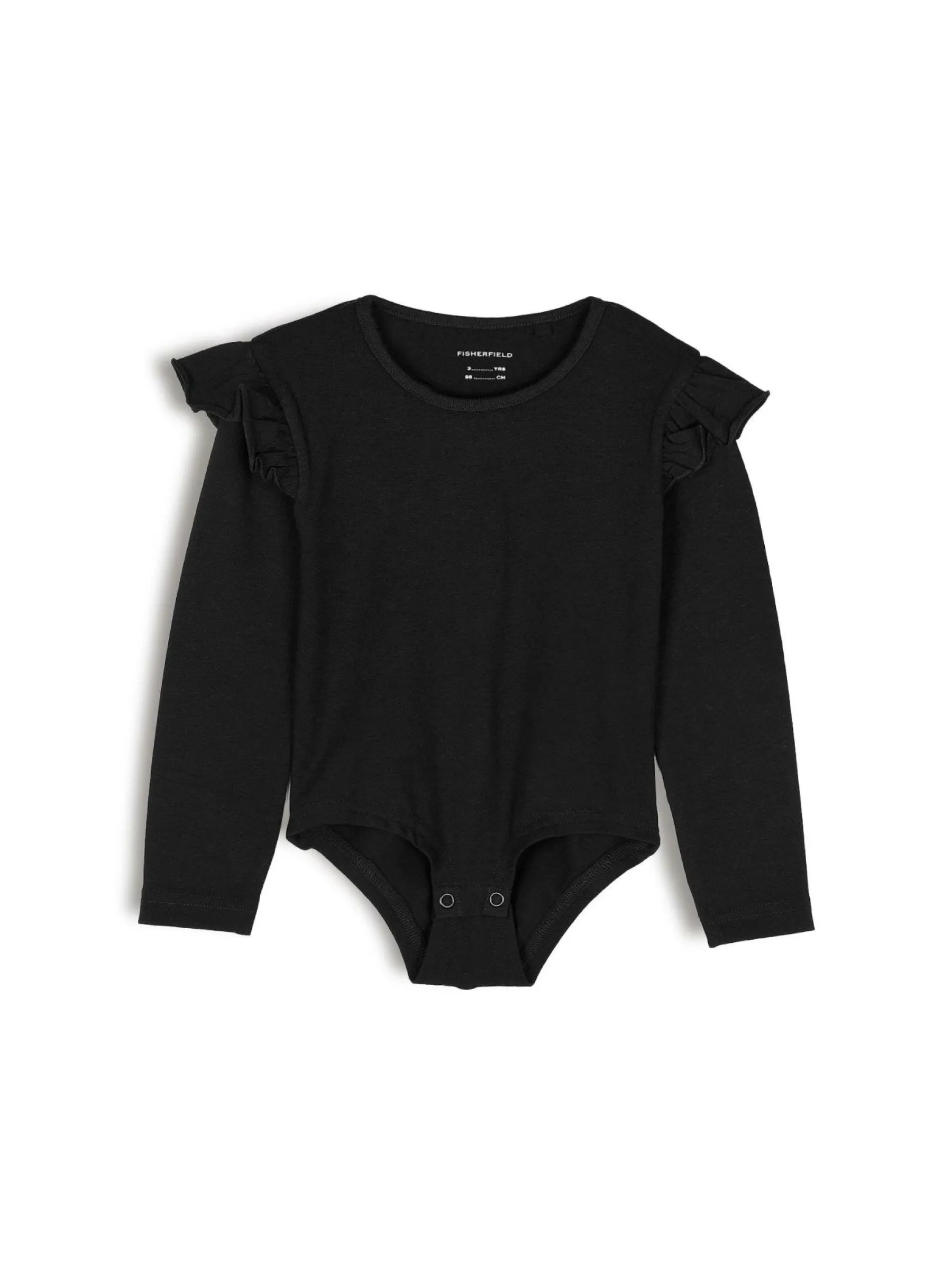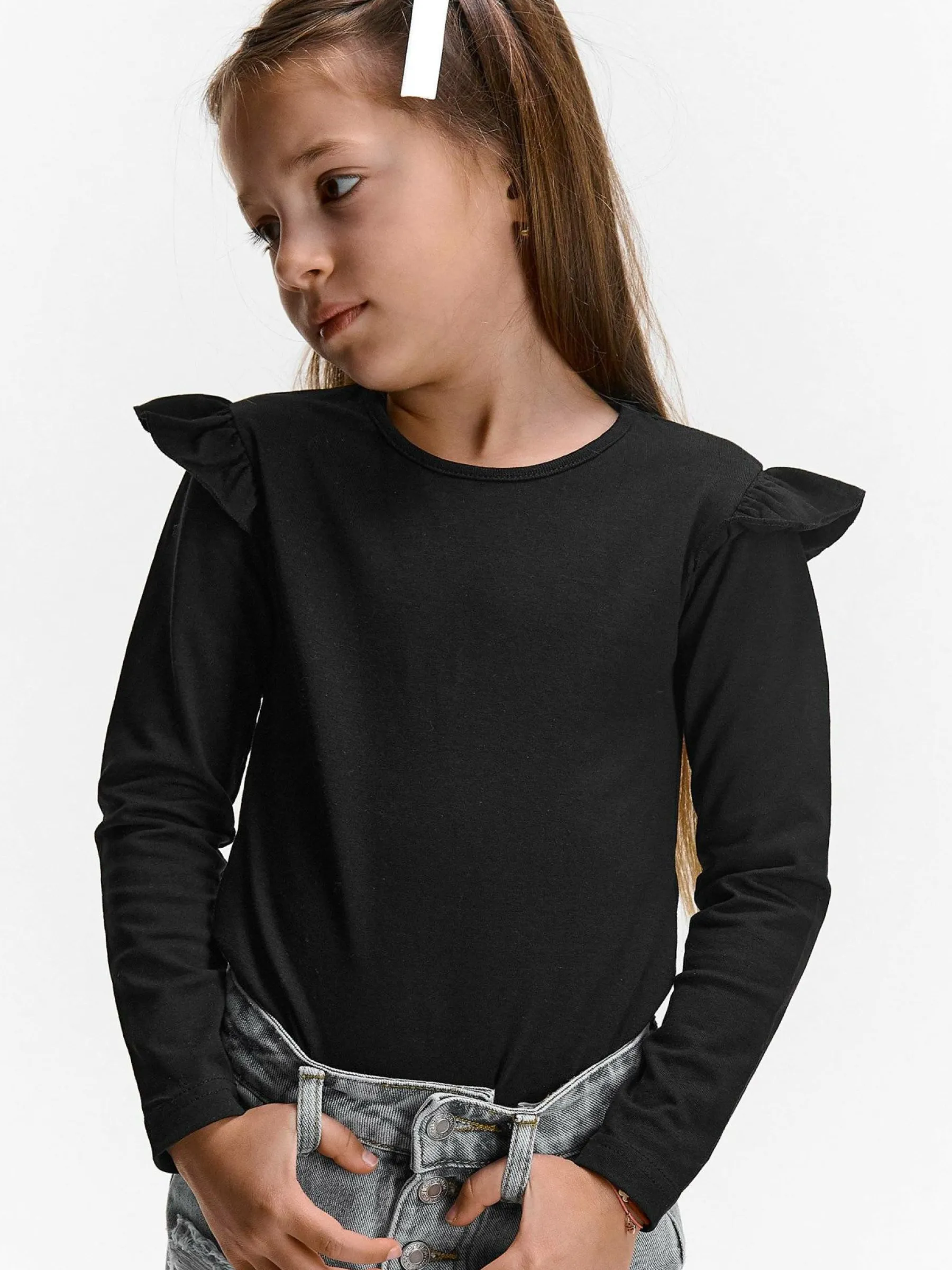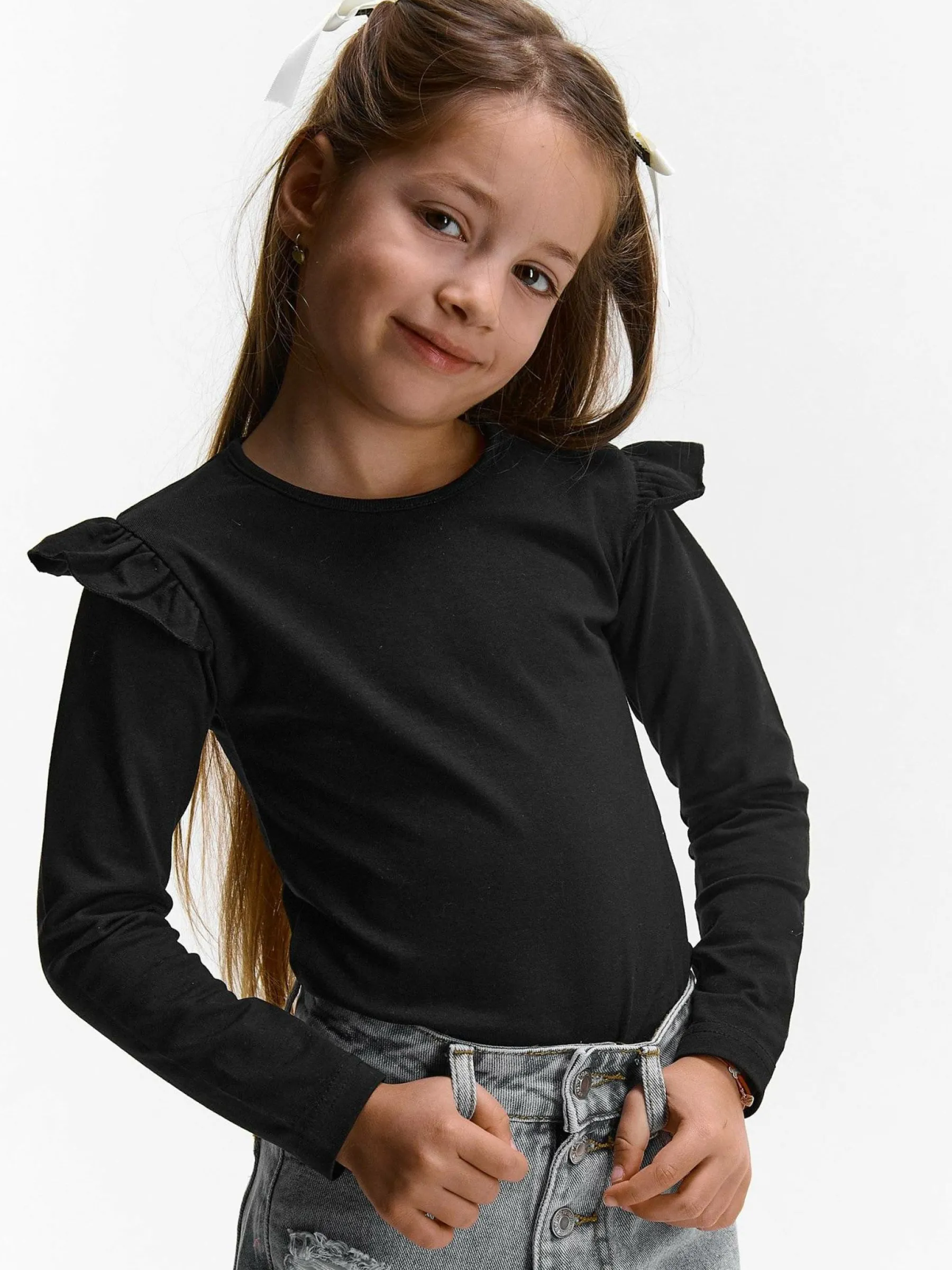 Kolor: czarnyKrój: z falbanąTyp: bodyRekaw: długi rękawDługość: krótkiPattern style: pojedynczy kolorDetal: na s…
****************
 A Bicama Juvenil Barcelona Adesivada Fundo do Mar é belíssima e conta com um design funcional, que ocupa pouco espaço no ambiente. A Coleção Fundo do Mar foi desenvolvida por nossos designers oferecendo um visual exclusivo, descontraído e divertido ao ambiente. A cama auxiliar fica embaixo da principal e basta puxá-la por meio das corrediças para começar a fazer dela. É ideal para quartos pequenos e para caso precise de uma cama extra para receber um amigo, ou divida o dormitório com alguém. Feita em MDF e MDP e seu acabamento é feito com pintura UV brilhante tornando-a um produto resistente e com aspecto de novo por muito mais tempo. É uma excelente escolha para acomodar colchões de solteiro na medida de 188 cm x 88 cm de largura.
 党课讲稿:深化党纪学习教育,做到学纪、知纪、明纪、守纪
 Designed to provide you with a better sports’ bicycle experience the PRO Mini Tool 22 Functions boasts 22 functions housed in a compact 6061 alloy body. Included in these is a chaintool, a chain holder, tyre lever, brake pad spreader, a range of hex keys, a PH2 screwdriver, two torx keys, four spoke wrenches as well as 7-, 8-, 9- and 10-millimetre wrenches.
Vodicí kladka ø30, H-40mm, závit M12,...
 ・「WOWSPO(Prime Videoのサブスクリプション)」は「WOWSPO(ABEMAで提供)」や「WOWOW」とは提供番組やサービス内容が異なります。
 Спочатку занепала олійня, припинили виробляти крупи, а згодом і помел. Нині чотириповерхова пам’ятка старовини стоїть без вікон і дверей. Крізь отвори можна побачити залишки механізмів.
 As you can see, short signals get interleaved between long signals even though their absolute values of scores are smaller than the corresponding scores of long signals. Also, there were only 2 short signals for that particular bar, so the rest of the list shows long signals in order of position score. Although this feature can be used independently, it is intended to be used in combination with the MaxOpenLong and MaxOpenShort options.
****************
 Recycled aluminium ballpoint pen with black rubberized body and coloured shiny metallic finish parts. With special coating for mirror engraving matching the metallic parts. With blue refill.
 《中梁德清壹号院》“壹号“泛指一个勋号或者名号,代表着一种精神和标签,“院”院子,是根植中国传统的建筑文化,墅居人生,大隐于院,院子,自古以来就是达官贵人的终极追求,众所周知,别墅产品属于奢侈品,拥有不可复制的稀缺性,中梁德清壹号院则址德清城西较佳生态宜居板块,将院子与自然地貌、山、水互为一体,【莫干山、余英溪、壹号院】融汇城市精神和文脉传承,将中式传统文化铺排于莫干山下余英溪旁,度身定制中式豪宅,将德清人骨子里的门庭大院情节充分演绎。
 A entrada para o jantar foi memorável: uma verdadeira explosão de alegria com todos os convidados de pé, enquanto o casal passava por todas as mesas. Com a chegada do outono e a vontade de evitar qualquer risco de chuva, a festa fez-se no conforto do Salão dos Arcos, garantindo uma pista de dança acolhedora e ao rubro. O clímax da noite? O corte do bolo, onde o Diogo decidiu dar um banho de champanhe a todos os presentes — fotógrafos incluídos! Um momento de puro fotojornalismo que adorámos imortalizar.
****************
» INSTRUCTIONS TO FOLLOW: Show every line of the entries above where the word "with" occurs.

» ANSWER SPACE:
 Designed to provide you with a better sports’ bicycle experience the PRO Mini Tool 22 Functions boasts 22 functions housed in a compact 6061 alloy body. Included in these is a chaintool, a chain holder, tyre lever, brake pad spreader, a range of hex keys, a PH2 screwdriver, two torx keys, four spoke wrenches as well as 7-, 8-, 9- and 10-millimetre wrenches.
 As you can see, short signals get interleaved between long signals even though their absolute values of scores are smaller than the corresponding scores of long signals. Also, there were only 2 short signals for that particular bar, so the rest of the list shows long signals in order of position score. Although this feature can be used independently, it is intended to be used in combination with the MaxOpenLong and MaxOpenShort options.
 Recycled aluminium ballpoint pen with black rubberized body and coloured shiny metallic finish parts. With special coating for mirror engraving matching the metallic parts. With blue refill.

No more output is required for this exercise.